At first, he resents her for meddling, but in the end he comes to accept it as necessary. Besides, as he gets older, as he becomes more deeply involved in the world of the assassins, he realizes that she is protecting him. The only people she ever tells are members of the order, and within a few years, it's common knowledge within the assassins that Ezio is, sometimes, a woman. By the time he moves on to Roma, and becomes the mentor there, very few people even bother to comment on the strange affair. New recruits are frequently surprised (one is so shocked she falls off the roof of a building, and needs to be rescued from the Tiber), but no one really says anything.
Not to his face, anyway. Ezio is not quite convinced that no one at all is interested, because after all, how many people are there like him in the world?

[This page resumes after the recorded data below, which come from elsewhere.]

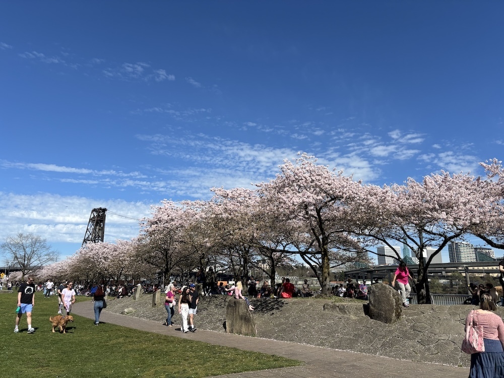 Went to see the cherry blossoms on the waterfront along with everyone else in Portland.
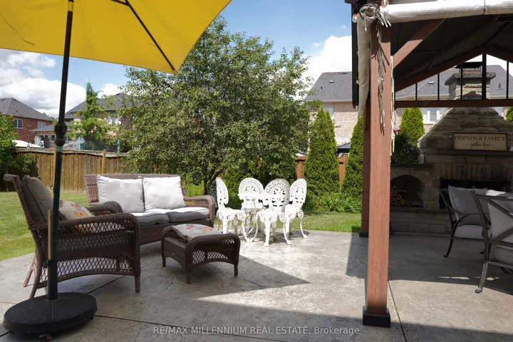 Located in the prestigious Vales of Castlemore North, this exceptional detached home sits on a rare, pie-shaped lot with professionally landscaped grounds and a private backyard oasis featuring a custom stone fireplace and gazebo. The grand interior welcomes you with soaring cathedral ceilings, an open-to-above foyer, and second-floor balconies overlooking both the entrance and living room, creating an airy, elegant feel. Just off the foyer, a bright flex room with French doors and a chandelier offers the perfect space for a home office, study, or personal retreat. The main floor also features hardwood flooring throughout, a cozy gas fireplace in the family room, and a spacious kitchen with ample prep and storage space. Upstairs, you’ll find four large bedrooms, including a primary suite with a walk-in closet and private ensuite, a Jack & Jill 5-piece bathroom shared between the second and third bedrooms, and a fourth bedroom with its own private 4-piece ensuite. The fully finished basement adds exceptional value with a large recreation area, full bathroom, and two additional rooms that can easily be converted into bedrooms with ensuite potential. With garage access to the laundry room, a separate side entrance, and close proximity to top-rated schools, parks, and all major amenities, this home delivers luxury, flexibility, and comfort in one of Brampton’s mostsought-after communities.
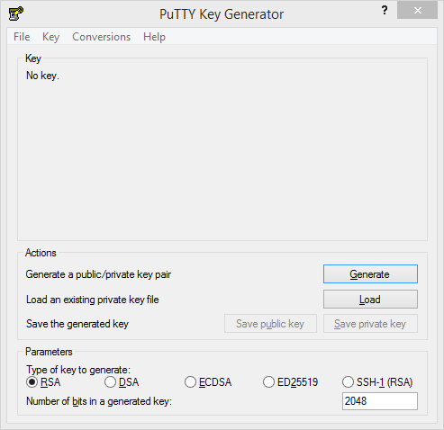 After installing PuTTY, open up PuTTYgen.
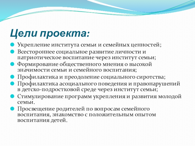 Формирование общественного мнения о высокой значимости семьи и семейного воспитания;
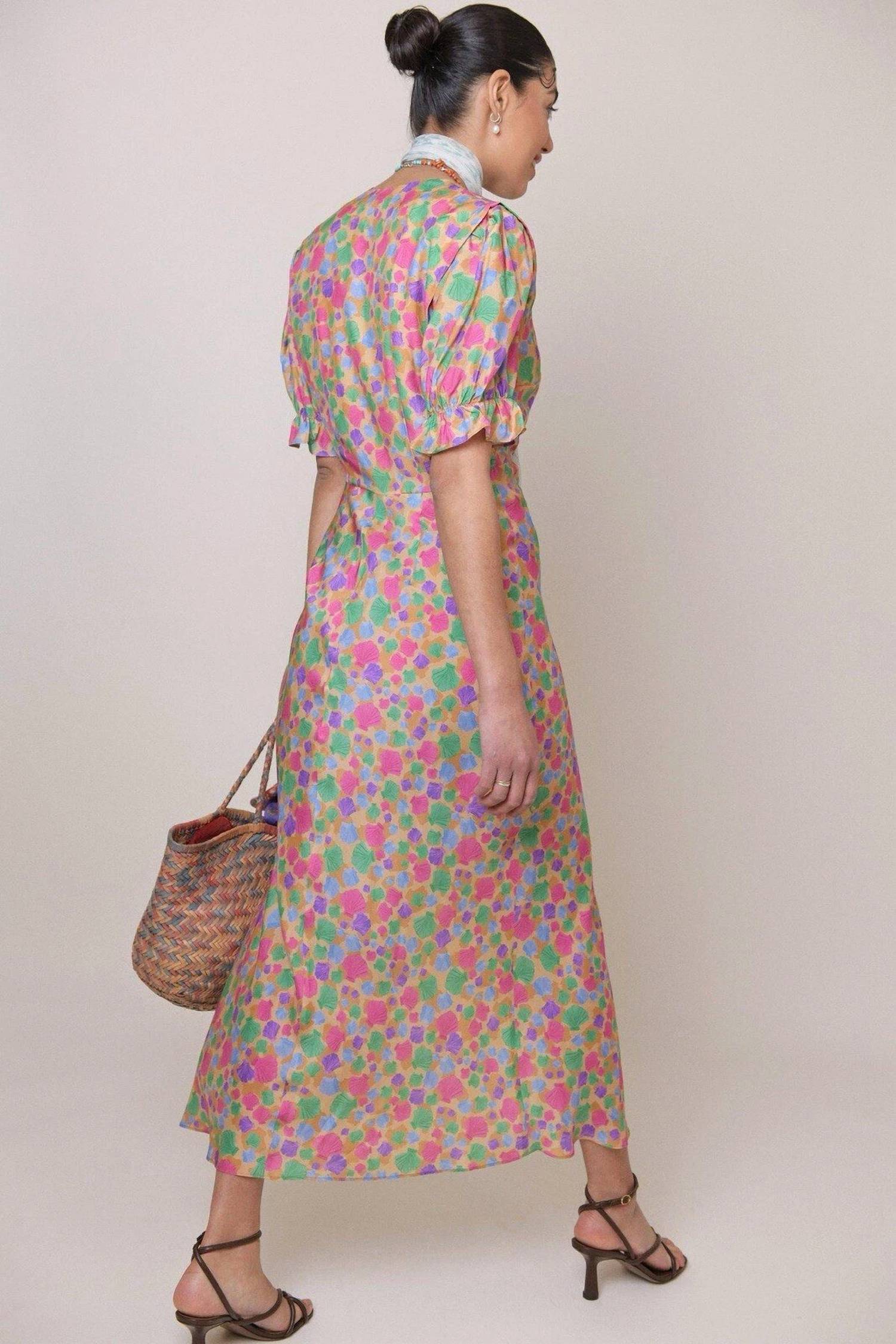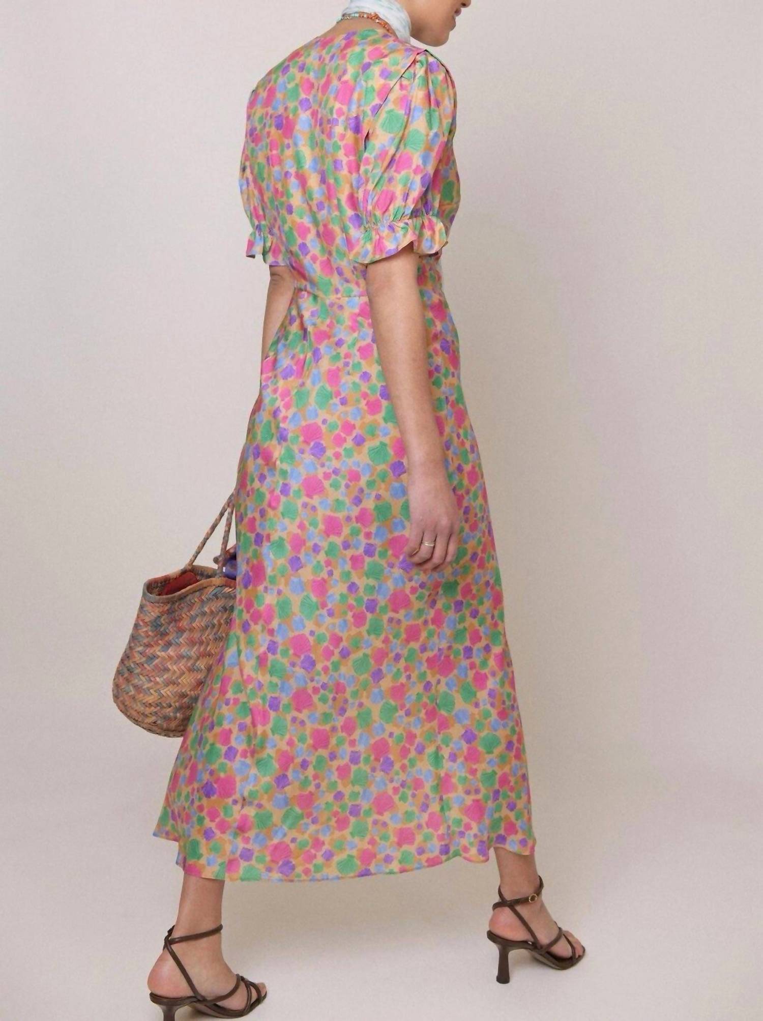 Just add slides or mules and you are good to go. Experience the vibrant charm of the Ariel Dress - Plus by RIXO in Micro Shell Mustard. This summer-ready A-line dress is crafted from 100% silk with a 100% polyester lining. Featuring short elasticized sleeves and a concealed back zip, it ensures both comfort and style with ruched detailing and ruffled trim for a maximalist touch. This vacation-ready piece requires dry cleaning for optimal care.

None, as far as he knows. He's spent some time looking, as he gets older, but no matter where he goes or who he asks or what books he reads, Ezio can't find as much as a whisper of a rumor about people like him. He hears about men and women who choose to abandon the gender they're born with, to dress and act and live as though they were men instead of women (or women instead of men). But none of them have bodies that physically change, and so Ezio becomes still more convinced that he is the only one.
It's very lonely.
He tries not to think about it, of course, but that only works for so long. Eventually, Ezio finds himself wishing there was someone he could really talk to about whatever he is. Except that's not possible, because there is no one in his life that could really listen- he is supposed to be the mentor of the assassins, a leader, not someone that is afraid of his own body and what it can do.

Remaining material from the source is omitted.